What do you do when you read a passage like this?

If you’re not a Buddhist, does it read like nonsense?

Does it seem intuitively true or deep right away?

What I see when I read this is a lot of uncertainty.  What is a living being that does not have form?  What is Nirvana anyway, and could there be a meaning of it that’s not obviously incompatible with the laws of physics?  And what’s up with saying that everyone has been liberated and nobody has been liberated?

Highly metaphorical, associative ideas, the kind you see in poetry or religious texts or Continental philosophy, require a different kind of perception than you use for logical arguments or proofs.

The concept of steelmanning is relevant here. When you strawman an argument, you refute the weakest possible version; when you steelman an argument, you engage with the strongest possible version.   Strawmanning impoverishes your intellectual life. It does you no favors to spend your time making fun of idiots.  Steelmanning gives you a way to test your opinions against the best possible counterarguments, and a real possibility of changing your mind; all learning happens at the boundaries, and steelmanning puts you in contact with a boundary.

A piece of poetic language isn’t an argument, exactly, but you can do something like steelmanning here as well.

When I read something like the Diamond Sutra, my mental model is something like a robot or machine with a bunch of joints.

Each sentence or idea could mean a lot of different things. It’s like a segment with a ball-and-socket joint and some degrees of freedom.  Put in another idea from the text and you add another piece of the robot, with its own degrees of freedom, but there’s a constraint now, based on the relationship of those ideas to each other.  (For example: I don’t know what the authors mean by the word “form”, but I can assume they’re using it consistently from one chapter to another.)  And my own prior knowledge and past experiences also constrain things: if I want the Diamond Sutra to click into the machine called “Sarah’s beliefs,” it has to be compatible with materialism (or at least represent some kind of subjective mental phenomenon encoded in our brains, which are made of cells and atoms.)
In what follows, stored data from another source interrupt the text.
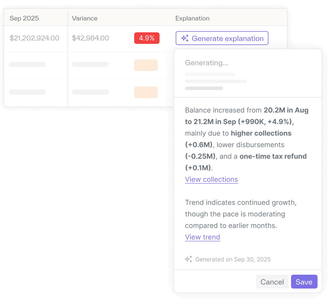 - Give finance leaders and auditors clear variance narratives sooner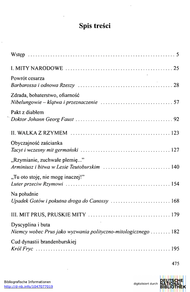 Spis treści Wstęp 5 I. MITY NARODOWE 25 Powrót cesarza Barbarossa i odnowa Rzeszy 28 Zdrada, bohaterstwo, ofiarność Nibelungowie - klątwa i przeznaczenie 57 Pakt z diabłem Doktor Johann Georg Faust 92 II. WALKA Z RZYMEM 123 Obyczajność zaścianka Tacyt i wczesny mit germański 127 „Rzymianie, zuchwałe plemię..." Arminiusz i bitwa w Lesie feutoburskim 140 „Tu oto stoję, nie mogę inaczej!" Luter przeciw Rzymowi 154 Na południe Upadek Gotów i pokutna droga do Canossy 168 III. MIT PRUS, PRUSKIE MITY 179 Dyscyplina i buta Niemcy wobec Prus jako wyzwania polityczno-mitologicznego 182 Cud dynastii brandenburskiej Król Fryc 195 475 http://d-nb.info/1047077019 Spis treści Madonna i bogini wojny Luiza i Krzyż Żelazny 216 Prusy jako łup „Dzień Poczdamu " i zamach na Hitlera 231 IV. ZAMKI I MIASTA 249 „Dobra tarcza i miecz..." Wartburg 252 Mit wykształconego mieszczaństwa niemieckiego Weimar i „klasyka niemiecka" 275 Duma w ruinie Norymberga i Drezno jako miejsca mityczne 303 Wino, śpiew i wrzawa wojenna Mity Renu i mity nad Renem 326 V. MITY POLITYCZNE PO DRUGIEJ WOJNIE ŚWIATOWEJ 347 Opór antyfaszystowski, rewolucja wczesnomieszczańska i wojny wyzwoleńcze Mity założycielskie w NRD 353 Reforma walutowa i cud gospodarczy Mity polityczne Republiki Federalnej 385 „Jesteśmy papieżem", „Niemcy to ty" Zamiast mitu: nagłówki i kampanie reklamowe 403 Bibliografia 415 Indeks nazwisk 463 Podziękowanie 473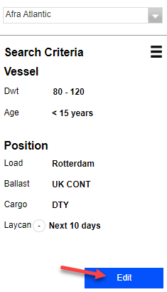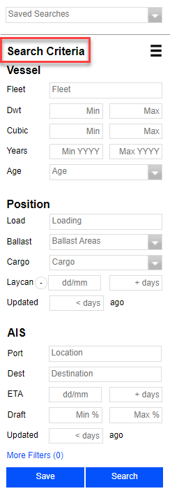 Search Criteria: Combine Vessel and Position search criteria or Vessel and AIS search criteria to search for ships based on their open position or their AIS destination / location.

If I read the whole thing and wiggle the joints around, sooner or later I’ll either get a sense of “yep, that works, I found an interpretation I can use” when things click into place, or “nope, that’s not actually consistent/meaningful” when I get some kind of contradiction.
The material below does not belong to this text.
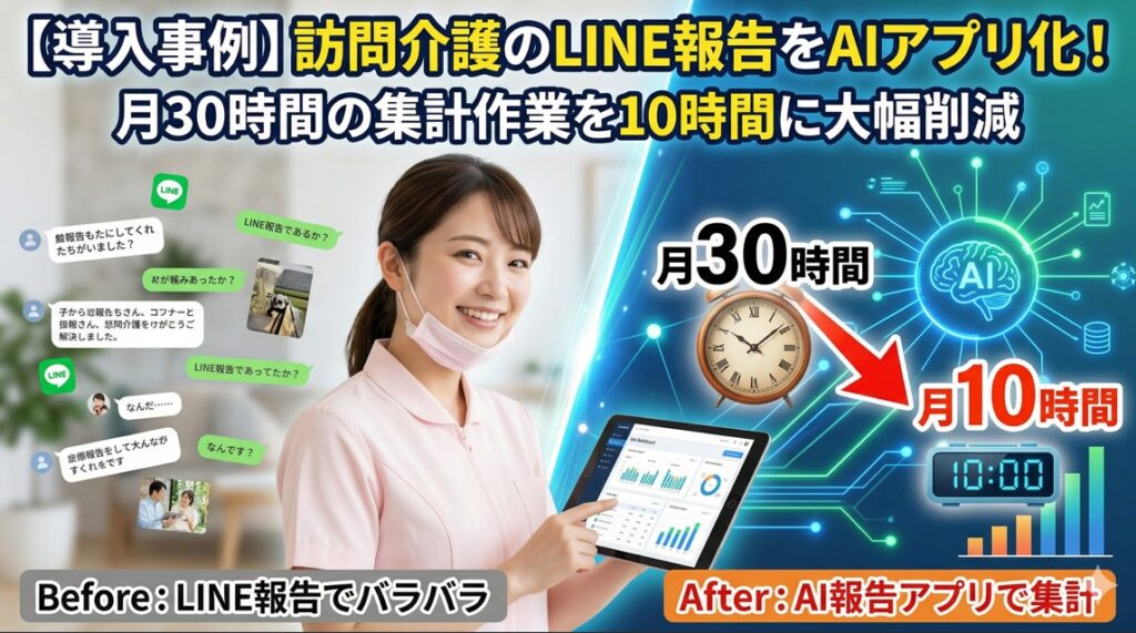 【導入事例】訪問介護のLINE報告をAIアプリ化!月30時間の集計作業を10時間に削減した方法

I picture each segment of the machine as having a continuous range of motion. But the set of globally stable configurations of the whole machine is discrete. They click into place, or jam.

You can think of this with energy landscape or simulated-annealing metaphors. Or you can think of it with moduli space metaphors.
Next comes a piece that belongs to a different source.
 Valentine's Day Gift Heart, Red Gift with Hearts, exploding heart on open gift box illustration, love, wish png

This gives me a way to think about mystical or hand-wavy notions that’s not just free-association or “it could mean anything”, which don’t give me enough structure.  There is structure, even when we’re talking about mysticism; concepts have relationships to other concepts, and some ways of fitting them together are kludgey while others are harmonious.

It can be useful to entertain ideas, to work out their consequences, before you accept or reject them.

And not just ideas. When I go to engage in a group activity like CFAR, the cognitive-science-based self-improvement workshop where I spent this weekend, I naturally fall into the state of provisionally accepting the frame of that group.  For the moment, I assumed that their techniques would work, engaged energetically with the exercises, and I’m waiting to evaluate the results objectively until after I’ve tried them.  My “machine” hasn’t clicked completely yet — there are still some parts of the curriculum I haven’t grokked or fit into place, and I obviously don’t know about the long-term effects on my life.  But I’m going to be wiggling the joints in the back of my mind until it does click or jam.  People who went into the workshop with a conventionally “skeptical” attitude, or who went in with something like an assumption that it could only mean one thing, tended to think they’d already seen the curriculum and it was mundane.

I’m not trying to argue for credulousness.  It’s more like a kind of radical doubt: being aware there are many possible meanings or models and that you may not have pinned down “the” single correct one yet.